His boon had a gap in it, as these boons often do — the gap left by assumption. He had not mentioned women when specifying what couldn’t kill him, because the idea that a woman could be a threat to him was so remote from his self-conception that it didn’t even rise to the level of something worth asking for protection against.
Mahishasura conquered the three worlds. Indra’s heavens fell. The gods were driven out of their positions, their functions interrupted, their domains occupied by the buffalo king’s armies. For a hundred divine years the gods wandered, homeless and diminished, performing the functions they could manage from outside their proper domains and doing badly at it.
They went to Brahma, who sent them to Vishnu and Shiva together. And before those two divine presences, the gods let their frustration become visible. Their combined anger and grief and determination rose from the assembly as something visible — as light, the texts say, each god emanating a brightness of power that gathered in the space between them.
The light gathered. It condensed. It took form.
A woman appeared.
She was immense and radiant, her eighteen arms extended in all directions, her face simultaneously serene and fierce with the serenity and ferocity of someone who is completely at peace with the necessity of what they are about to do. Each god recognized in her something of his own power contributing to the whole: Shiva’s face, Vishnu’s arms, Brahma’s feet, Indra’s waist, the weapons of each god placed in each of her hands.
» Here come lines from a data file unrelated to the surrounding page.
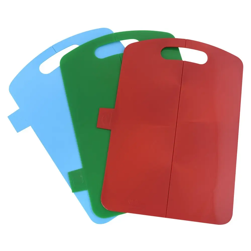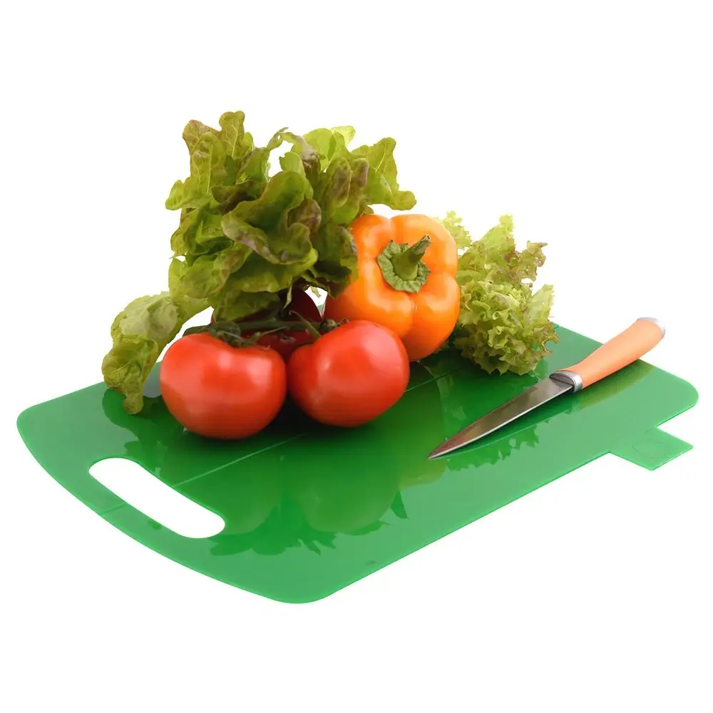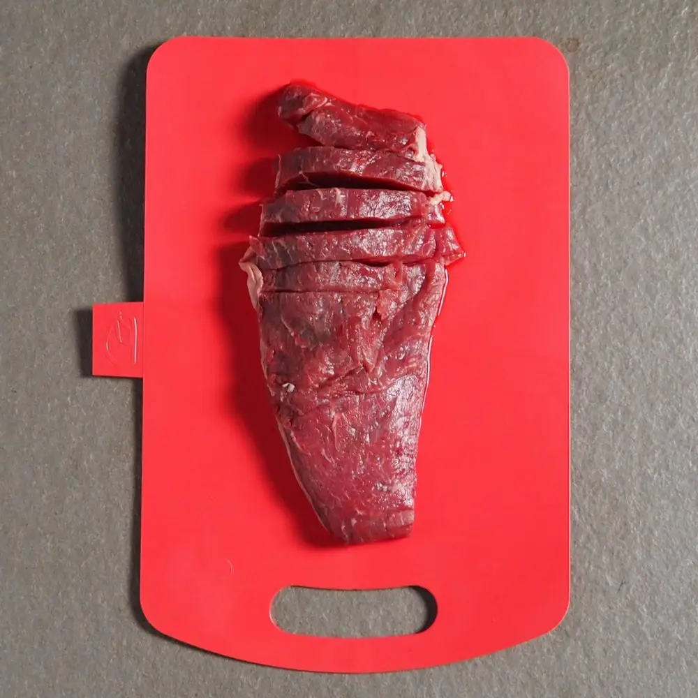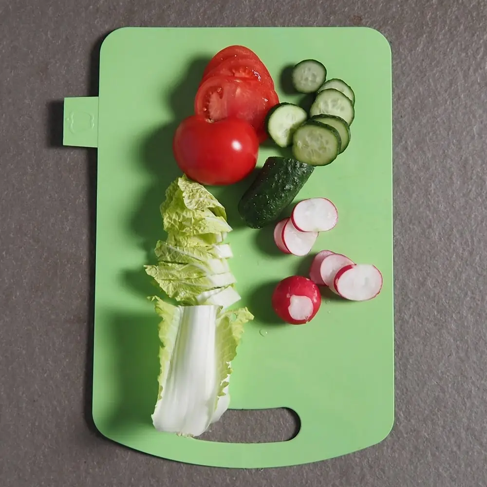 Сгиб по середине доски позволяет согнуть ее и аккуратно ссыпать нарезанные продукты в емкости с салатом, кастрюли и сковородки.
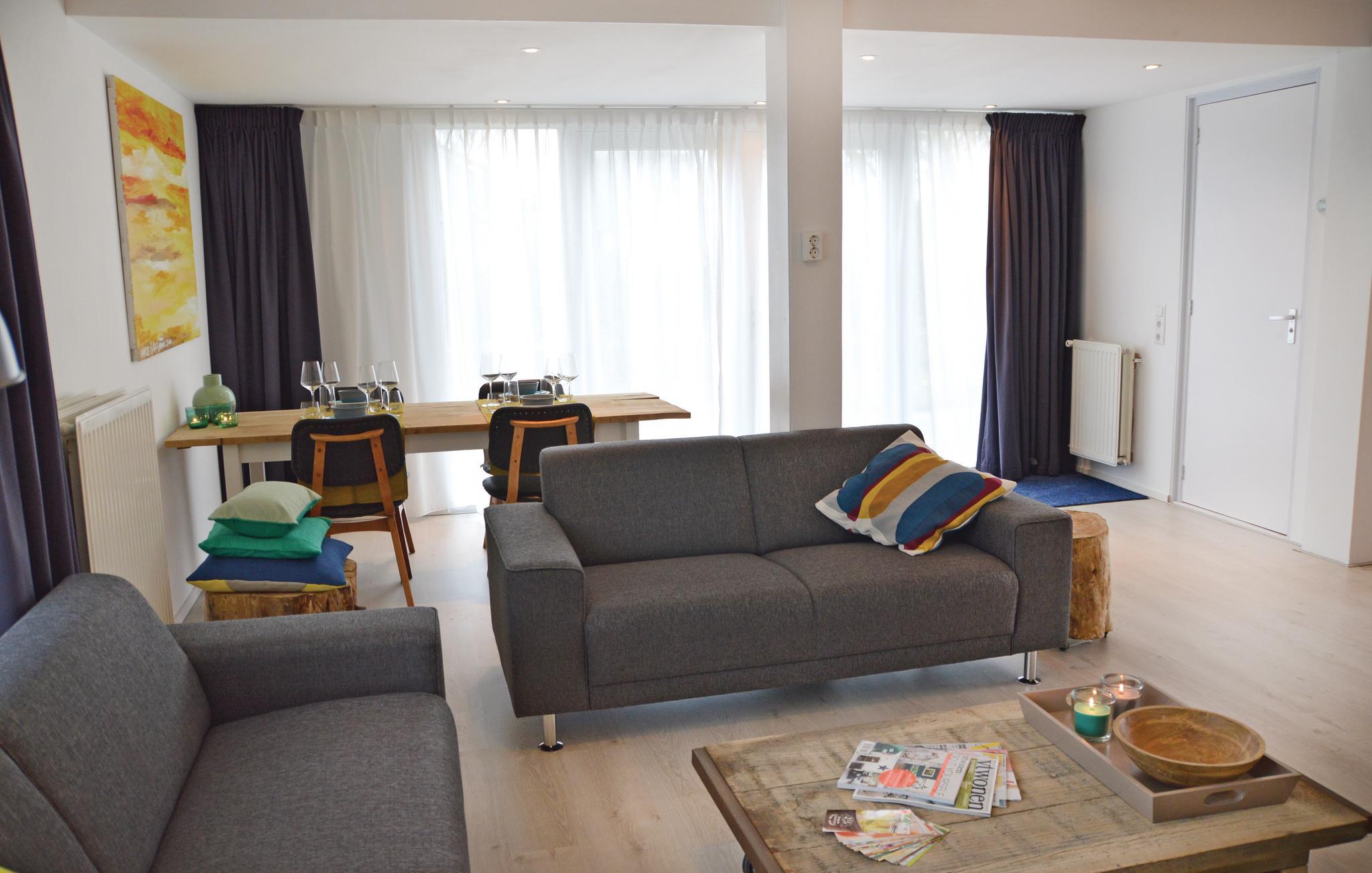 Dette indbydende feriehus i Julianadorp er ideel til en ferie i nærheden af havet. Huset er komfortabelt og hyggeligt indrettet. Via de store døre i opholdsstuen kommer I ud på den dejlige terrasse, hvor I kan nyde lækre feriemåltider under åben himmel. Feriehuset ligger i en pæn og velholdt feriepark, hvor der findes en sø og en lille sportsplads. Stranden ligger naturligvis lige i nærheden. Efter en skøn dag ved havet, kan I slappe af i den hyggelige atmosfære i huset sammen med familien. Håndklæder og viskestykker kan lejes.
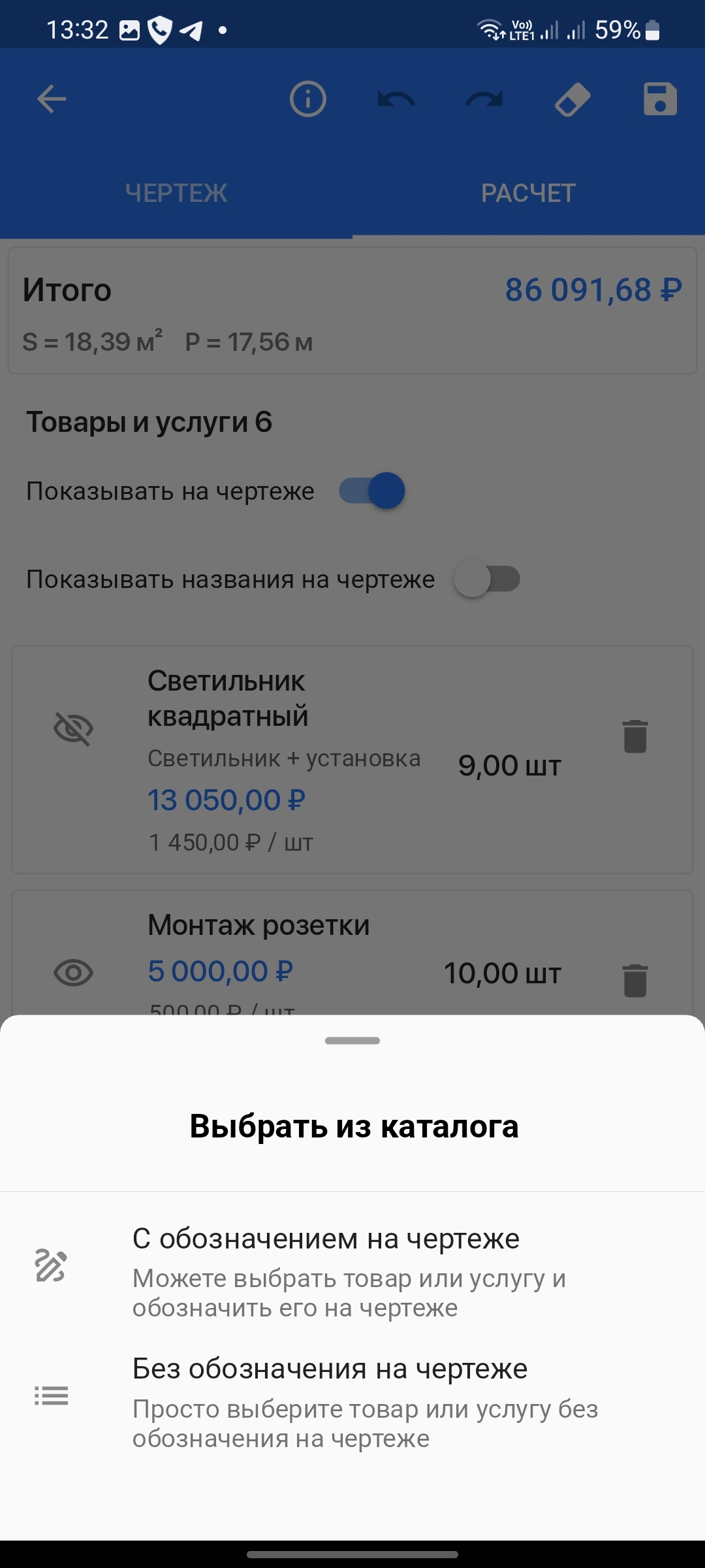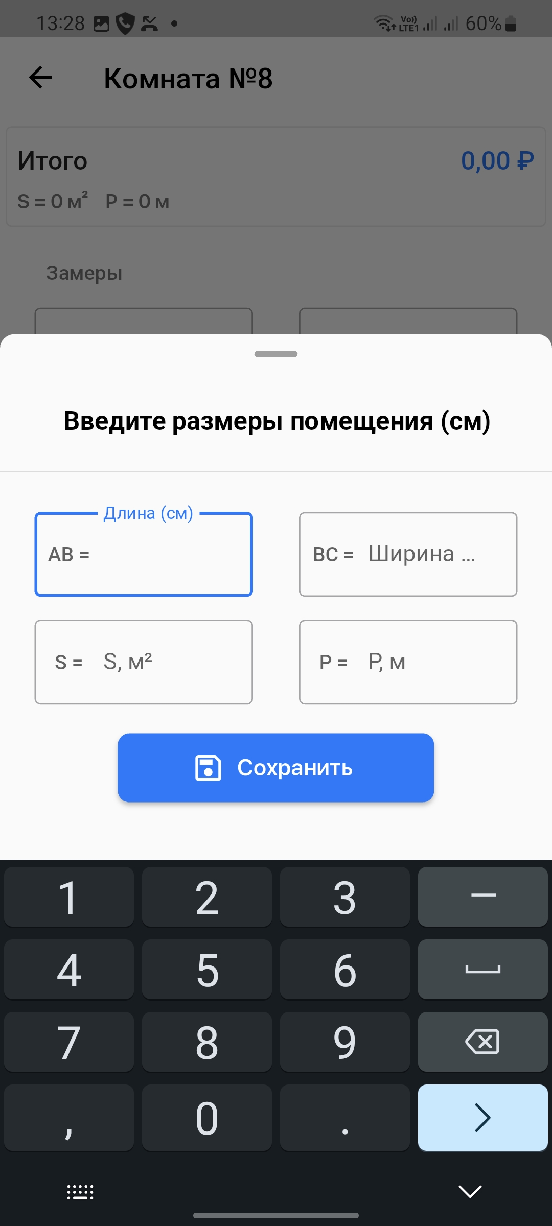 - Быстрый расчёт — введите площадь, периметр или размеры, чтобы сразу получить смету.
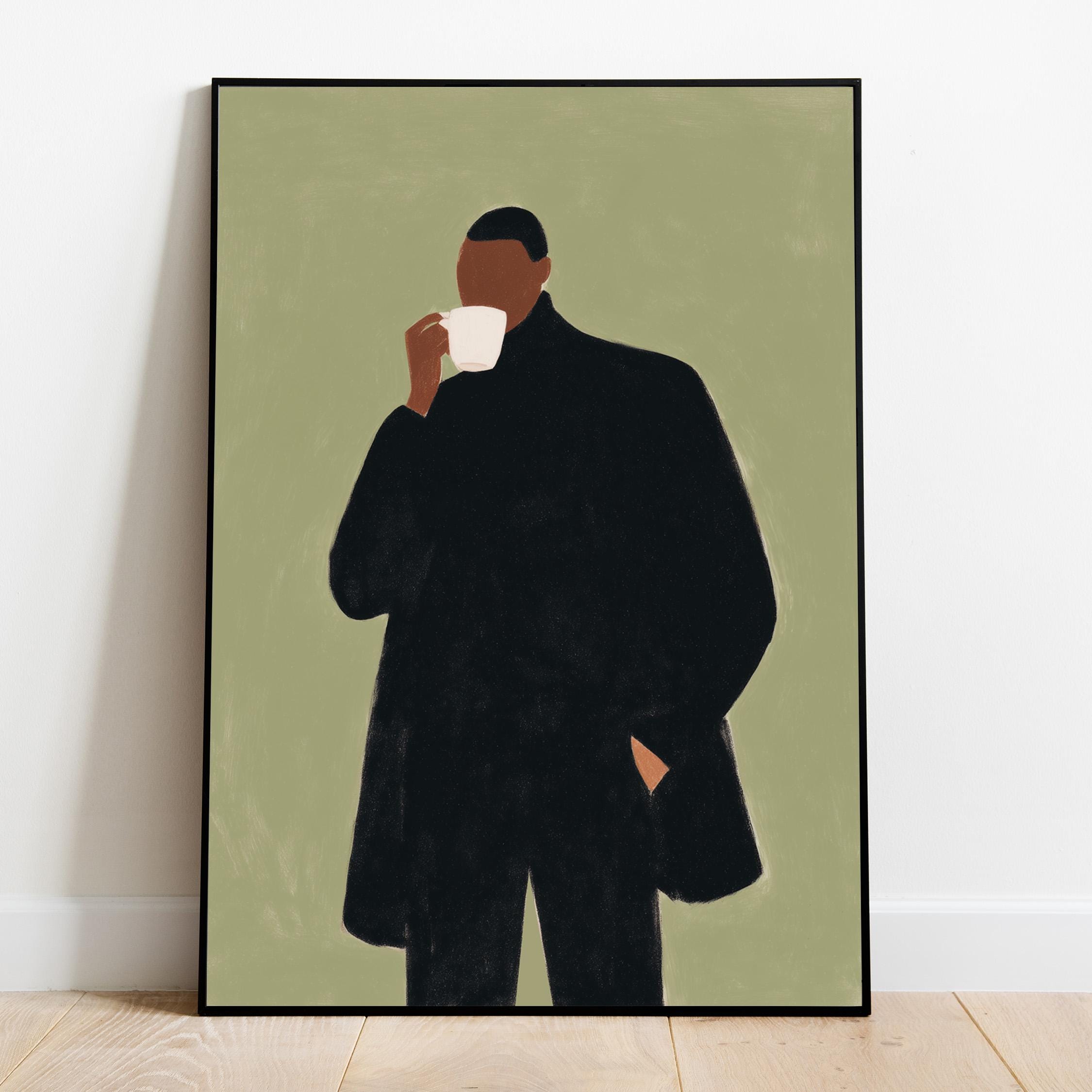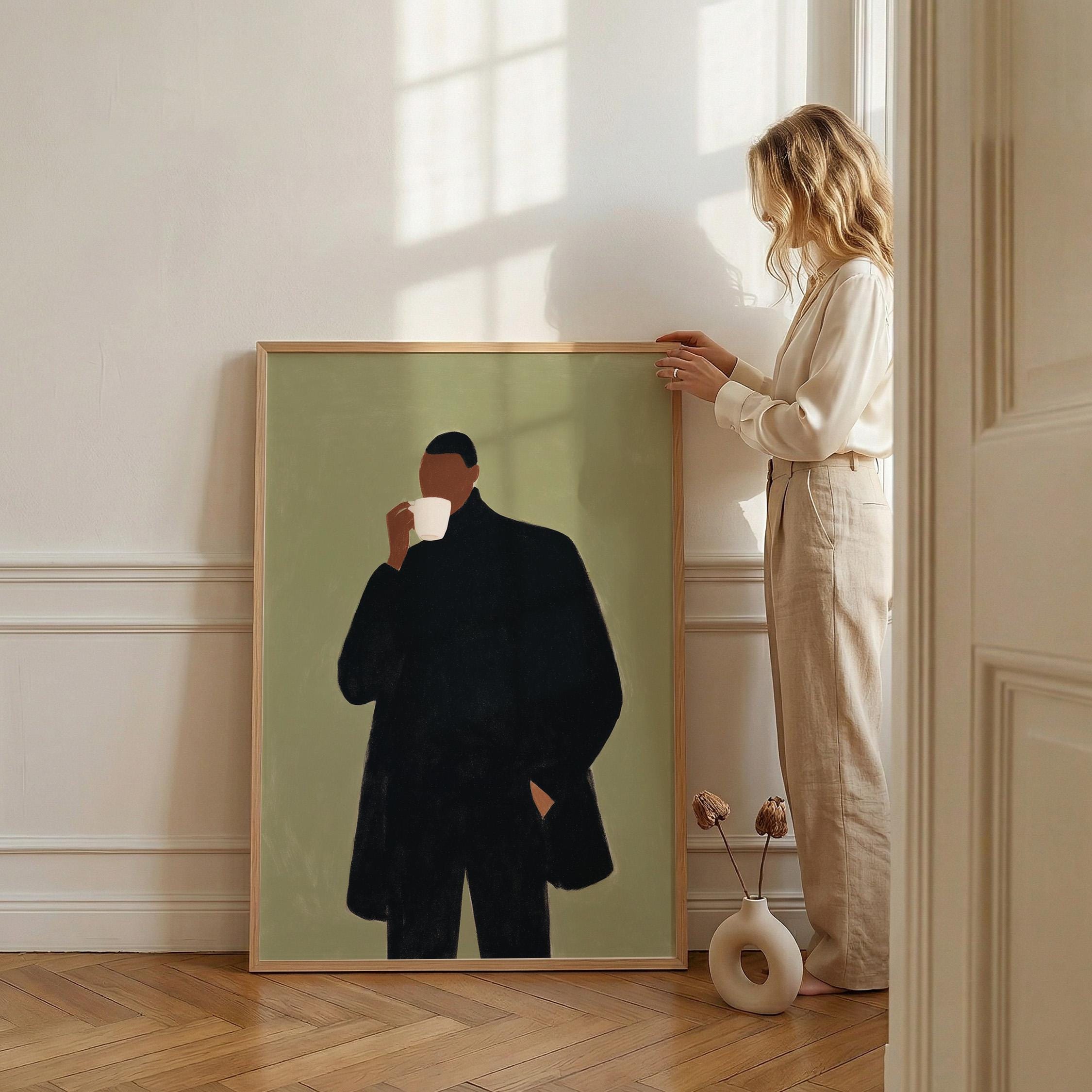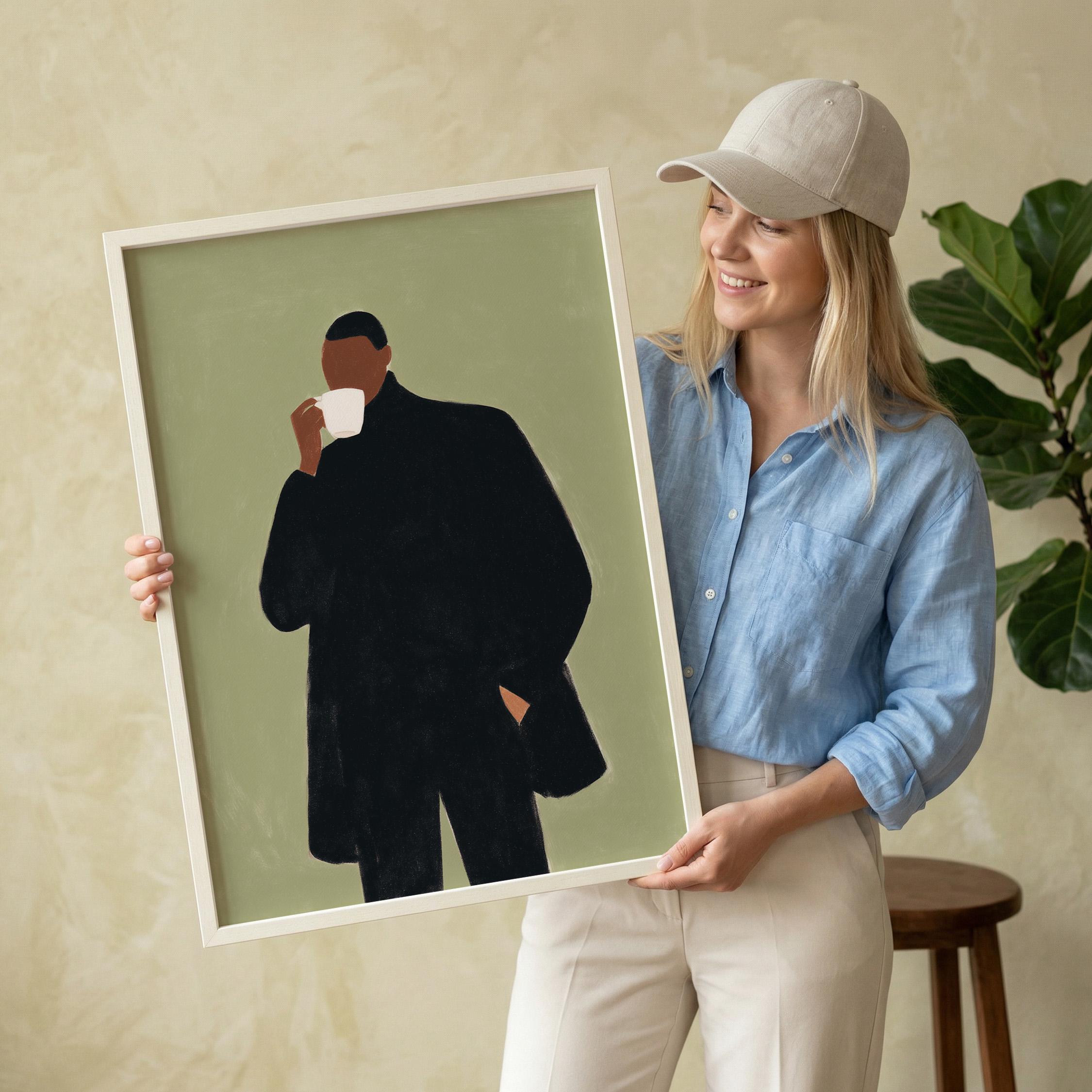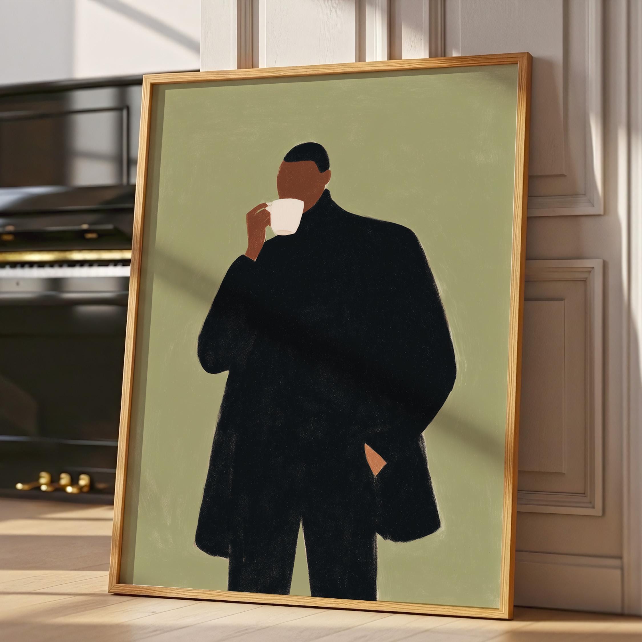 Modern black man portrait art captures quiet morning moments in minimalist style with rich olive tones and contemporary sophistication. Ideal for coffee enthusiasts, urban apartments, and anyone seeking refined masculine decor for living rooms or home offices.

Shiva gave her his trident. Vishnu gave her his discus, the Sudarshana Chakra. Varuna gave her his conch. Agni gave her a spear. Yama gave her his rod of death. Vayu gave her a bow and arrows. Indra gave her his thunderbolt. Kubera gave her a mace. Brahma gave her a string of beads and a water pot. The mountain Himavan gave her a lion as her vehicle.
She was armed, mounted, and complete.
When Mahishasura’s messengers brought word that a woman was in the field with an army challenging his forces, his response was what the narrative had predicted: dismissal that became curiosity that became attraction. He sent generals first — Asiloma, Vidalaksha, Baskala — and each was destroyed. He sent armies, and the armies were destroyed. The lion devoured the demons and the goddess was everywhere her weapons needed to be simultaneously, her eighteen arms the expression of a divine multitasking that no single warrior could achieve.
Finally Mahishasura came himself, shape-shifting through various forms — buffalo, lion, elephant, man — each form as the previous one failed. The battle moved across the earth and sky, the demon cycling through his transformations with desperate creativity.
The goddess pursued him through every form. Finally she caught the buffalo form with her foot on its neck, her trident poised, and as Mahishasura tried to shift to human form she drove the weapon through him — catching him between forms, in the transitional moment when the shape-shifting was most vulnerable.
He fell. The heavens opened. The gods who had been watching from above rained flowers on the battlefield and on the goddess who stood in the middle of it, her eighteen arms lowered now, the lion calm beneath her.
This is Durga — the one who is beyond the reach of difficulty, the one who is herself durgam, the difficult crossing, the impossible fort. She is not one god’s power but every god’s power combined into a single purpose. She is the answer that arises when every individual solution has failed and what is required is a synthesis beyond any one being’s capacity.
She is celebrated every year in Durga Puja, the great autumn festival of Bengal and beyond — ten days in which the goddess comes home, is worshipped, and returns to the mountains. The coming and going is the rhythm of her nature: she appears when she is needed, she destroys what needs to be destroyed, and she returns to the source when the work is done.